Re: back-bdb performance

You wrote:
> The main problems - control of the tree remains in RAM, so unless shared
> memory is used (which I don't), no slap tools are allowed to run while slapd
> is running. Also, if the id2parent database is corrupted, your entire tree
> structure is lost. Since no full DN copies exist anywhere, you cannot
> recreate the hierarchy with only the id2entry information.
To be honest, these problems are not very problematic in my view. When slapd
runs, you might as well use slapd. And when your database becomes corrupt,
well, you should have made a backup. That's also true for the current scheme.

> The advantages - tree control is all in memory, and is extremely fast.
After you've read through the whole tree ;) That's cheating, dude ;)

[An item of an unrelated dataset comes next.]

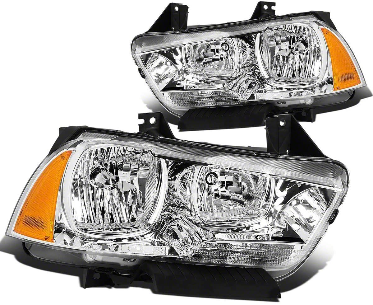 Application. Headlights with Amber Corners; Chrome Housing; Clear Lens is designed for the 2011-2014 Dodge Charger with Halogen Headlights.

> Onelevel and Subtree indices don't need to be maintained on disk since the
> tree structure exists in memory. Multiple nodes can be added concurrently to
> the id2entry and id2parent databases with nearly zero contention. Likewise
Well, whatever structure you choose, you still need to lock the parent to
ensure it doesn't vanish while you add a child node. The only advantage
in this area is that you can delete without messing with the parent.

> for any other I/O operations. ModDn can be used to move entire subtrees with
> a single hit on one node in the id2parent database. (Write one node's parent
> ID, you're done.) This operation is slow-to-impossible with the current
> backend designs.
This is indeed a big advantage.

> Startup cost and overhead are negligible. With a 10000 node database and
> average RDN lengths of 20 characters you're only talking 400KB for RDN/NRDN
> storage, plus another hundred KB for the AVL node pointers, and the I/O time
> to read this data volume is trivial.
Well, that's 5gigabyte for 10 million entries, not to mention a startup time
of 20 minutes.
And that's only for a standard AVL. If you want to make it a bit scalable
on smp, you need way more memory for your AVL. Otherwise you'll get zero
concurrency real quick. 

> Certainly some of the synchronization problems still exist, and you still
> use mutexes to address them. The point is that, like in a good filesystem
> design, you can deliver far greater performance by keeping the essential
> metadata in-memory and minimizing the amount of updating that must go to the
> backing store.
I agree fully with this point of view, but I wouldn't run a fs which needs to
parse ALL my file info to determine my directory structure...

Why don't sheep shrink when it rains?